The ADA hardly broke new ground when it incorporated this type of affirmative duty. The Equal Protection Clause often requires states to take affirmative measures to eliminate or prevent discriminatory systems. For example, states with racially discriminatory reapportionment plans must redraw their congressional districts. See, e.g., Shaw v. Reno, 509 U.S. 630, 652 (1993) (holding that the state's reapportionment plan might violate the Equal Protection Clause). The logic of the University's argument here would, if taken to its limits, call into question every affirmative injunction a court has ever entered to prevent threatened future violations of the constitutional guarantee of equal protection of the laws. Nothing in the Supreme Court decisions on which the University relies even hints at such a radical result.
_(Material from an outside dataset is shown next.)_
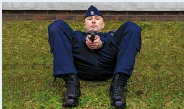
Fot. 11. Postawa leżąca na plecach, widok z przodu.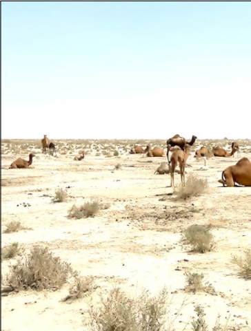
انتهای مسیر به سد جیرفت وارد می شود و در نیمه مسیر خود به خشک رودی تبدیل می شود تا مزارع جیرفت را آبیاری کند.

Similarly, the First Amendment guarantee of the right of free exercise of religion carries with it an implied duty on the part of the state to make reasonable adjustments. See, e.g., Sherbert v. Verner, 374 U.S. 398, 403-04 (1963); Wisconsin v. Yoder, 406 U.S. 205, 231 (1972); Church of the Lukumi Babalu Aye v. City of Hialeah, 508 U.S. 520, 546 (1993); Zorach v. Clauson, 343 U.S. 306, 313-14 (1952). Boerne does not overrule these direct constitutional rulings.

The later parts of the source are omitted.